Multiplying the numerator and denominator by √[(2x + 3)(2x + 2Δx + 3)] gives:
[1/√(2x + 2Δx + 3) - 1/√(2x + 3)]/Δx
= [√(2x + 3) - √(2x + 2Δx + 3)]/{Δx√[(2x + 3)(2x + 2Δx + 3)]}.

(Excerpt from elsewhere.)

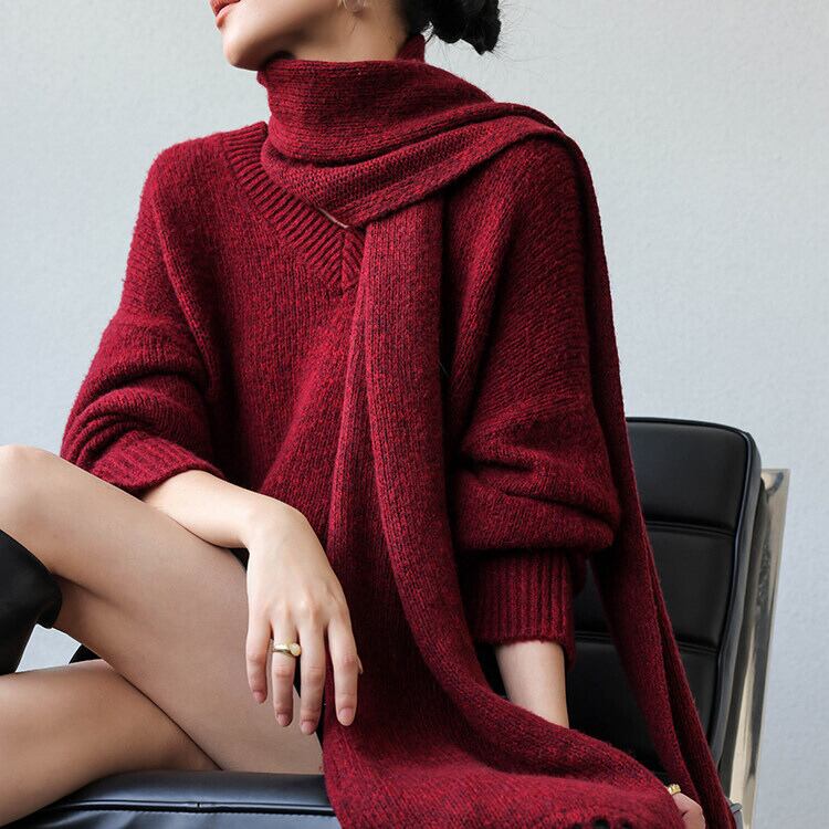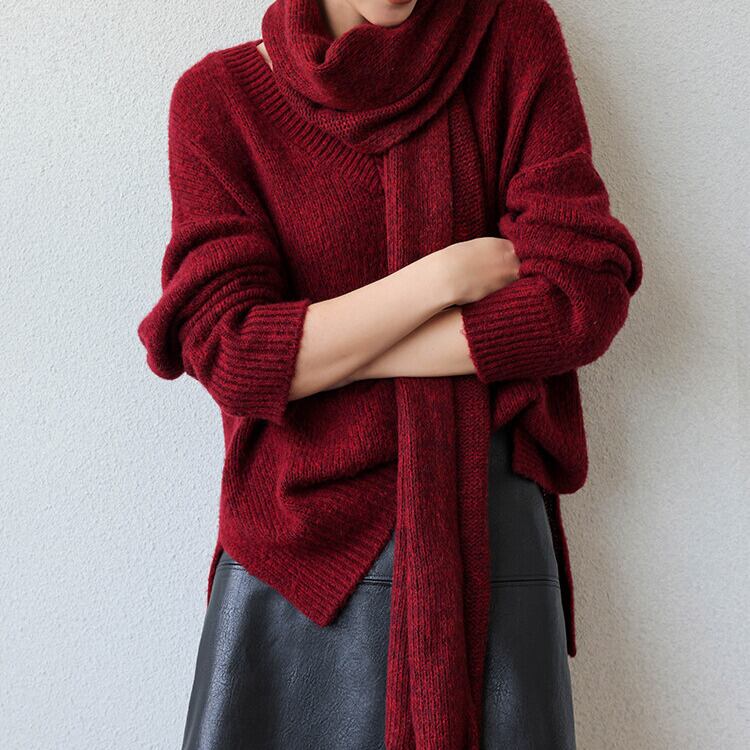 シンプルなVネックニットに、マフラーがセットになったお得なアイテム。
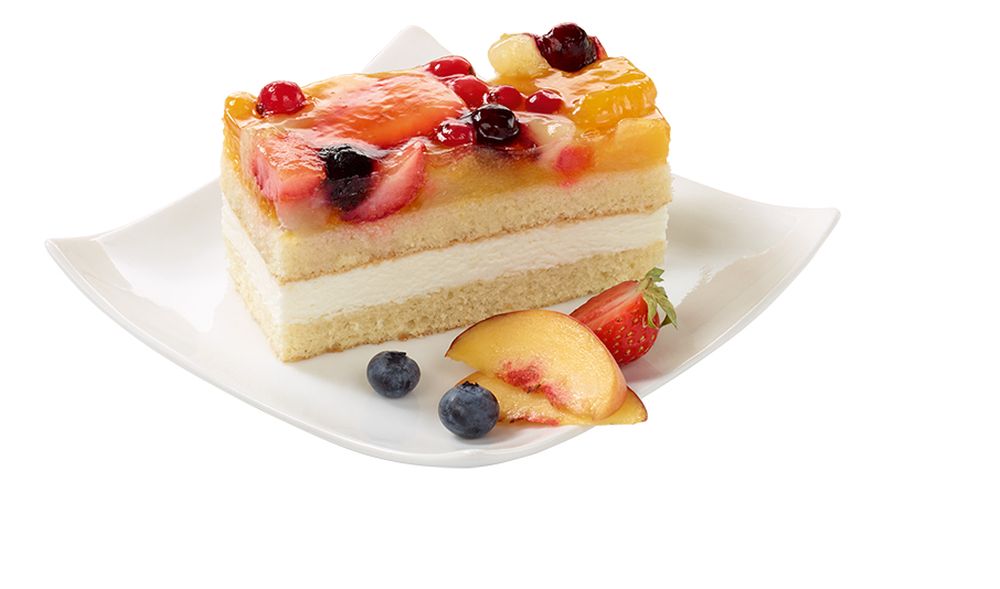 Ein Hingucker in jeder Vitrine. Üppig belegt mit Pfirsich- und Mandarinenfilets, Ananasstücken, Erdbeerhälften, Heidelbeeren und roten Johannisbeeren. Darunter liegt die leckere Frischkäse-Sahne zwischen zwei lockeren Rührteigböden.

Then, rationalizing the numerator by multiplying the numerator and denominator by √(2x + 3) + √(2x + 2Δx + 3) yields:
[√(2x + 3) - √(2x + 2Δx + 3)]/{Δx√[(2x + 3)(2x + 2Δx + 3)]}
= {[√(2x + 3) + √(2x + 2Δx + 3)] * [√(2x + 3) - √(2x + 2Δx + 3)]}/{Δx√[(2x + 3)(2x + 2Δx + 3)] * [√(2x + 3) + √(2x + 2Δx + 3)]}
= [(2x + 3) - (2x + 2Δx + 3)]/{Δx√[(2x + 3)(2x + 2Δx + 3)] * [√(2x + 3) + √(2x + 2Δx + 3)]}
(via difference of squares)
= (-2Δx)/{Δx√[(2x + 3)(2x + 2Δx + 3)] * [√(2x + 3) + √(2x + 2Δx + 3)]}
= -2/{√[(2x + 3)(2x + 2Δx + 3)] * [√(2x + 3) + √(2x + 2Δx + 3)]}, by canceling Δx.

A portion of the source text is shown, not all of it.